*Work to complete:*
Once the pictures are set aside, reproduce the remaining data exactly.

*Dataset excerpt:*
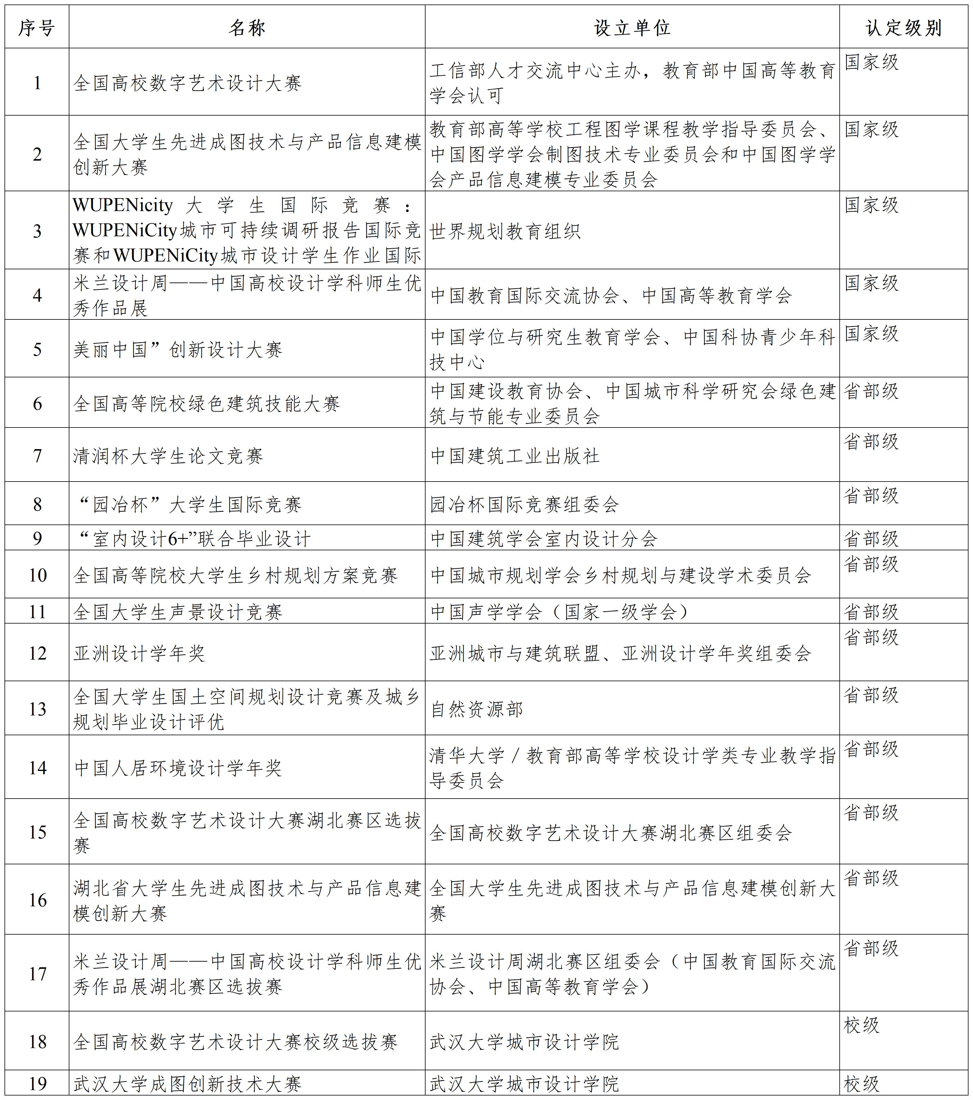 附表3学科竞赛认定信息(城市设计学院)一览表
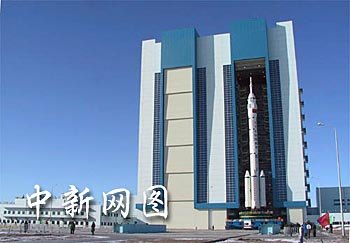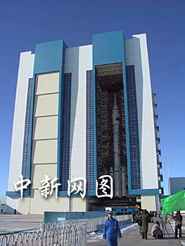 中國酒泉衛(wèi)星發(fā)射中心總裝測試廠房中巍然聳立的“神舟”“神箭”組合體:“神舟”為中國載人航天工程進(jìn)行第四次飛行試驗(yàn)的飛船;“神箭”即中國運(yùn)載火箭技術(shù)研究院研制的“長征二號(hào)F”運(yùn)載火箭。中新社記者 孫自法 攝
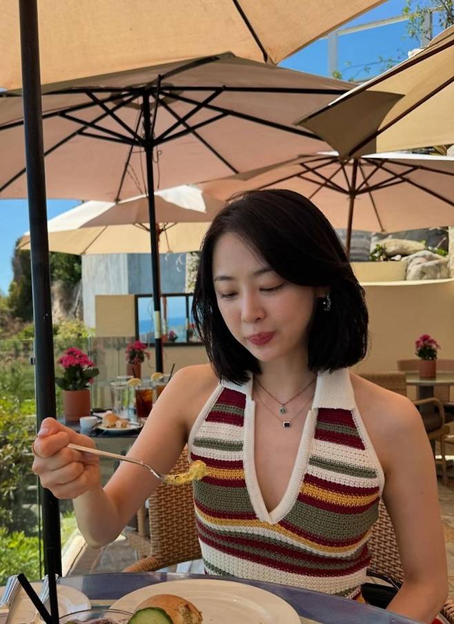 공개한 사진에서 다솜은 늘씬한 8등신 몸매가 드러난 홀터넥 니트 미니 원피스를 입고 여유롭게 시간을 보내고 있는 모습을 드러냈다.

*The answer:*
 附表3学科竞赛认定信息(城市设计学院)一览表
 中國酒泉衛(wèi)星發(fā)射中心總裝測試廠房中巍然聳立的“神舟”“神箭”組合體:“神舟”為中國載人航天工程進(jìn)行第四次飛行試驗(yàn)的飛船;“神箭”即中國運(yùn)載火箭技術(shù)研究院研制的“長征二號(hào)F”運(yùn)載火箭。中新社記者 孫自法 攝
 공개한 사진에서 다솜은 늘씬한 8등신 몸매가 드러난 홀터넥 니트 미니 원피스를 입고 여유롭게 시간을 보내고 있는 모습을 드러냈다.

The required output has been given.